• What you have to do
I would like the lines below, from the one with "值此三月,草长莺飞,春意且浓" through the one with "-. Feature : Harvey's", copied exactly and without any pictures.

• Extracted data
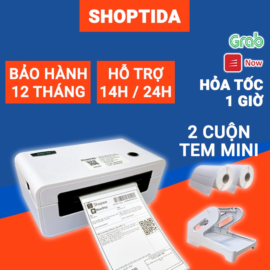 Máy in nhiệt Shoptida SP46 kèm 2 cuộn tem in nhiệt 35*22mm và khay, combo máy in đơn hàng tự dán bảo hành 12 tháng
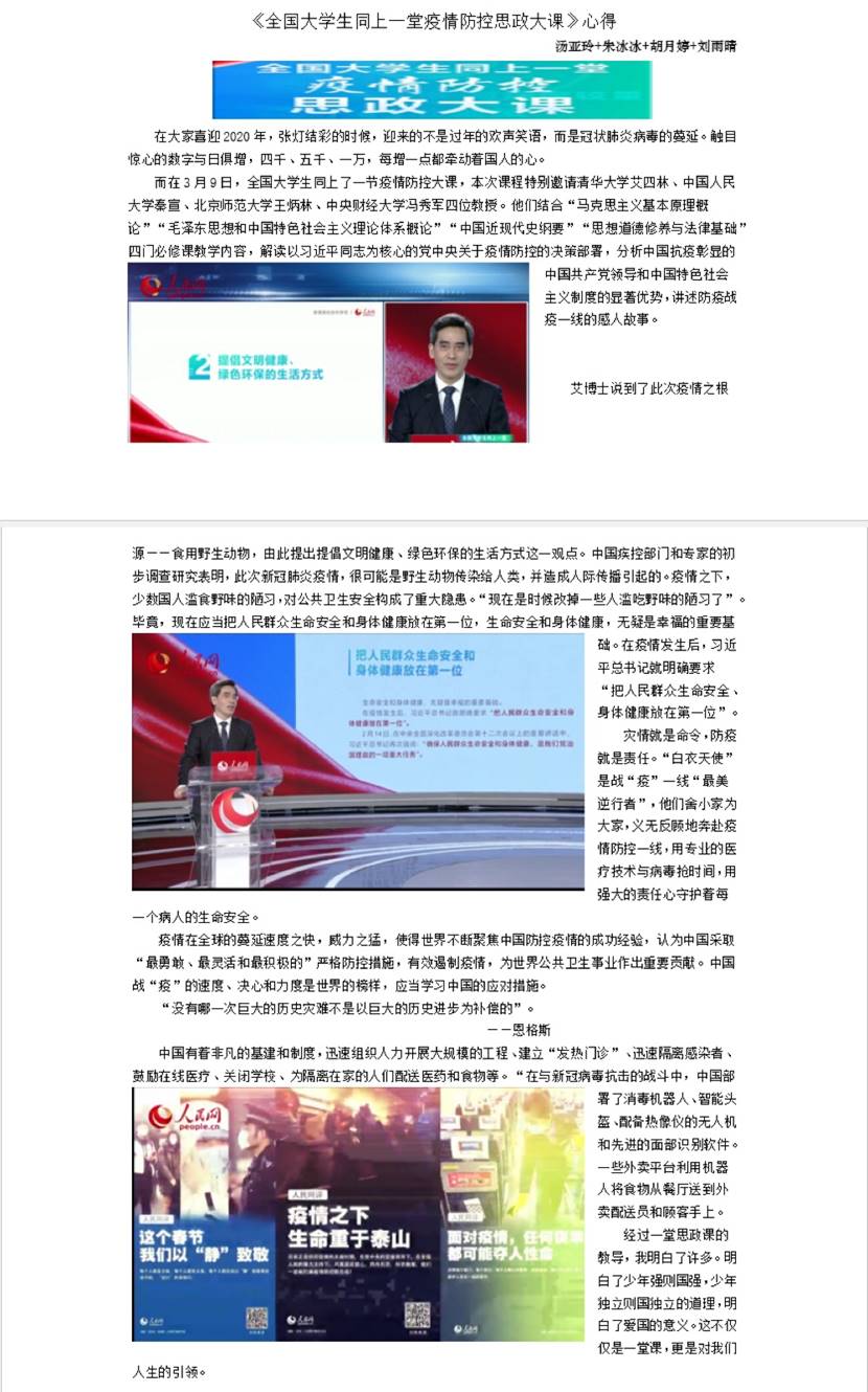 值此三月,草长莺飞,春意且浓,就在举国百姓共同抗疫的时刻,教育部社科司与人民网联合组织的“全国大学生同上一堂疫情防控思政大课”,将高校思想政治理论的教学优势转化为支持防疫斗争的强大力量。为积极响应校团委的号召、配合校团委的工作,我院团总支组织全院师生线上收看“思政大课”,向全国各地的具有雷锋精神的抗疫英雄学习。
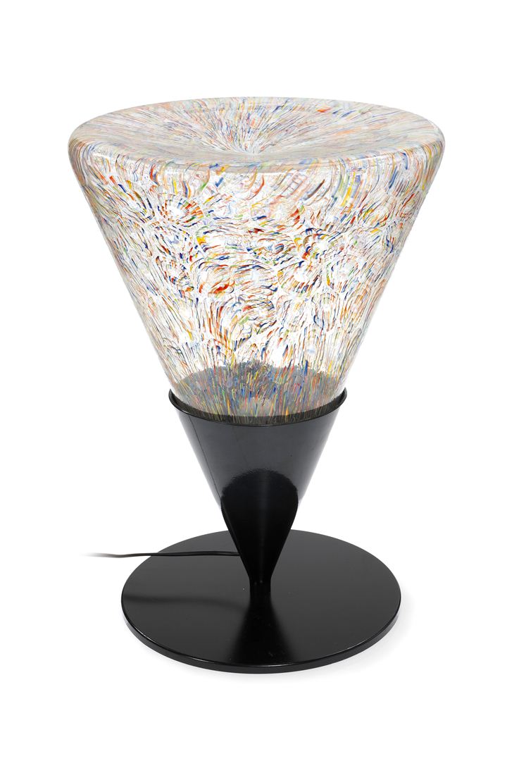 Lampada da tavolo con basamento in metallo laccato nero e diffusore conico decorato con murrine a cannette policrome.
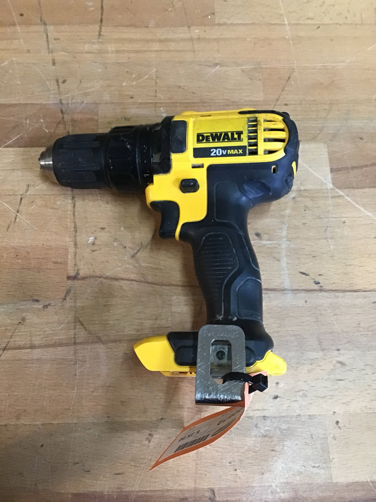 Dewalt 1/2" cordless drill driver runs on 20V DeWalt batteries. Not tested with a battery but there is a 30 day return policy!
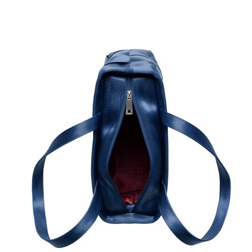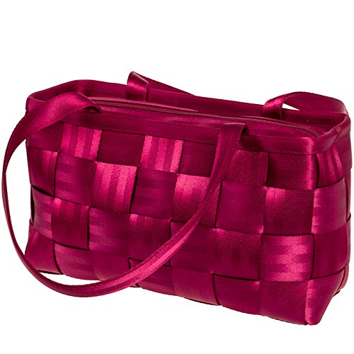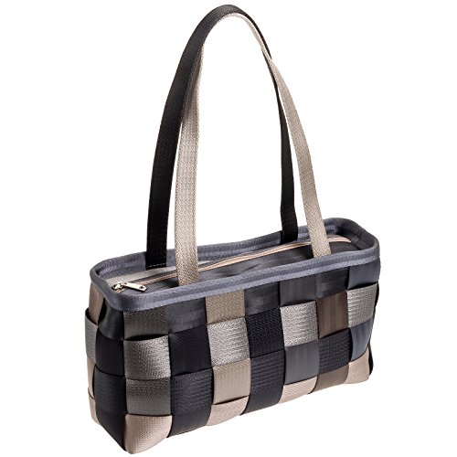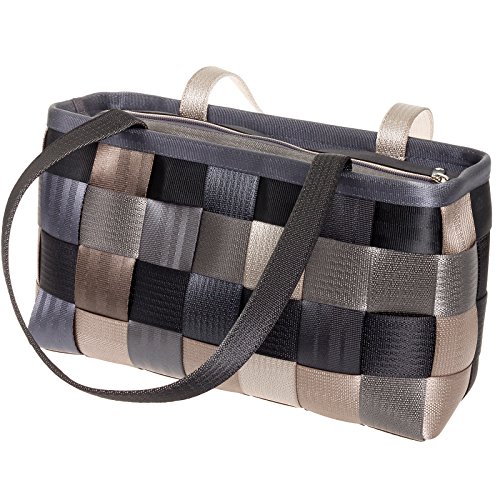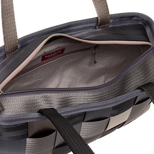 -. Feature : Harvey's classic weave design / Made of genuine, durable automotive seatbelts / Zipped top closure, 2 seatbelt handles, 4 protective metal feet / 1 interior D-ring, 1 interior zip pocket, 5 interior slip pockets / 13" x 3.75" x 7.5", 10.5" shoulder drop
* * *
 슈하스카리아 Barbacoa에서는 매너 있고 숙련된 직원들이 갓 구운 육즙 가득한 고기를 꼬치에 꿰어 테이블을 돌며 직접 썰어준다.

• Expected output
 值此三月,草长莺飞,春意且浓,就在举国百姓共同抗疫的时刻,教育部社科司与人民网联合组织的“全国大学生同上一堂疫情防控思政大课”,将高校思想政治理论的教学优势转化为支持防疫斗争的强大力量。为积极响应校团委的号召、配合校团委的工作,我院团总支组织全院师生线上收看“思政大课”,向全国各地的具有雷锋精神的抗疫英雄学习。
 Lampada da tavolo con basamento in metallo laccato nero e diffusore conico decorato con murrine a cannette policrome.
 Dewalt 1/2" cordless drill driver runs on 20V DeWalt batteries. Not tested with a battery but there is a 30 day return policy!
 -. Feature : Harvey's classic weave design / Made of genuine, durable automotive seatbelts / Zipped top closure, 2 seatbelt handles, 4 protective metal feet / 1 interior D-ring, 1 interior zip pocket, 5 interior slip pockets / 13" x 3.75" x 7.5", 10.5" shoulder drop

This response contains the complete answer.